#### Assignment
Output the records exactly as they appear, with no pictures included.

#### Record set
◆ ◆ ◆ ◆ ◆
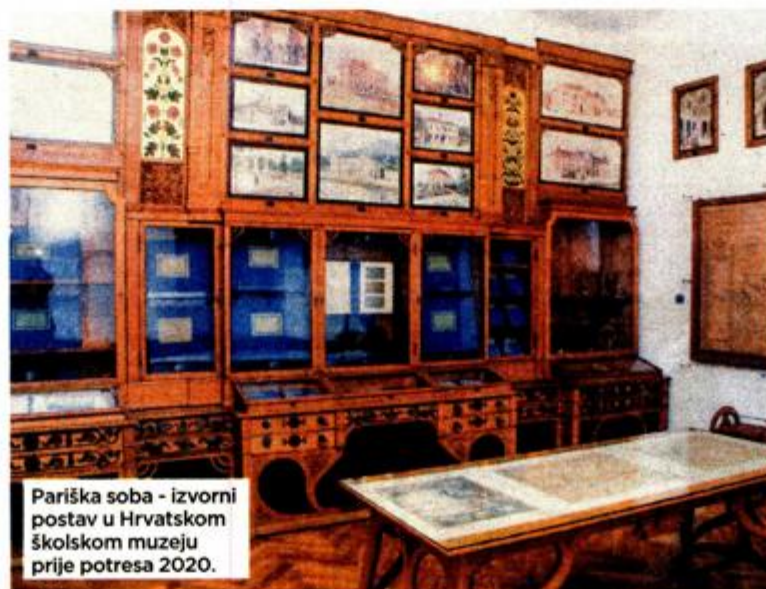
Pariška soba - izvorni postav u Hrvatskom školskom muzeju prije potresa 2020.
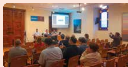
Participació de LA UNIÓ en la xarrada sobre plantes fotovoltaïques a la Vall d'Uixó (Plana Baixa).
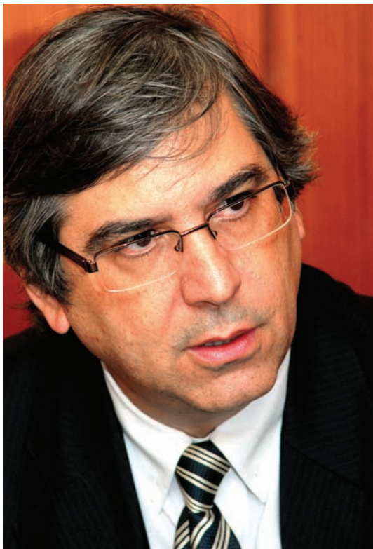
Eugênio Pacelli – procurador regional da República

rias, não é de realização dos desejos pessoais de ninguém. Nós estamos atentos ao que o Parlamento está aprovando. Não temos como ignorar a totalidade dessa matéria. Houve, recentemente, modificações a respeito dos procedimentos do júri, do interrogatório por videoconferência. Podemos ignorar essa realidade que mal ou bem tem um padrão de legitimidade, que é o próprio fato de isso derivar do Congresso Nacional. Nós não estamos desconhecendo essas leis aprovadas. A Comissão quer corrigir eventuais desvios em relação a procedimentos, identificar um pouco melhor o papel do tribunal do júri. Todavia, em relação ao papel do juiz, do Ministério Público e da Polícia, a Comissão parece encontrar-se em uma posição de consenso, ainda que, aqui e ali, não se concorde com a atual fórmula de investigação preliminar. Uma proposta como a da extinção do inquérito policial, por exemplo – ainda que encontre adeptos nas academias e na vida profes-
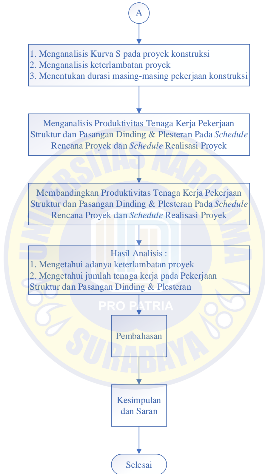
Gambar 3.1 Diagram Alir Penelitian
◆ ◆ ◆ ◆ ◆
#### Written answer
Pariška soba - izvorni postav u Hrvatskom školskom muzeju prije potresa 2020.
Participació de LA UNIÓ en la xarrada sobre plantes fotovoltaïques a la Vall d'Uixó (Plana Baixa).
Eugênio Pacelli – procurador regional da República

rias, não é de realização dos desejos pessoais de ninguém. Nós estamos atentos ao que o Parlamento está aprovando. Não temos como ignorar a totalidade dessa matéria. Houve, recentemente, modificações a respeito dos procedimentos do júri, do interrogatório por videoconferência. Podemos ignorar essa realidade que mal ou bem tem um padrão de legitimidade, que é o próprio fato de isso derivar do Congresso Nacional. Nós não estamos desconhecendo essas leis aprovadas. A Comissão quer corrigir eventuais desvios em relação a procedimentos, identificar um pouco melhor o papel do tribunal do júri. Todavia, em relação ao papel do juiz, do Ministério Público e da Polícia, a Comissão parece encontrar-se em uma posição de consenso, ainda que, aqui e ali, não se concorde com a atual fórmula de investigação preliminar. Uma proposta como a da extinção do inquérito policial, por exemplo – ainda que encontre adeptos nas academias e na vida profes-
Gambar 3.1 Diagram Alir Penelitian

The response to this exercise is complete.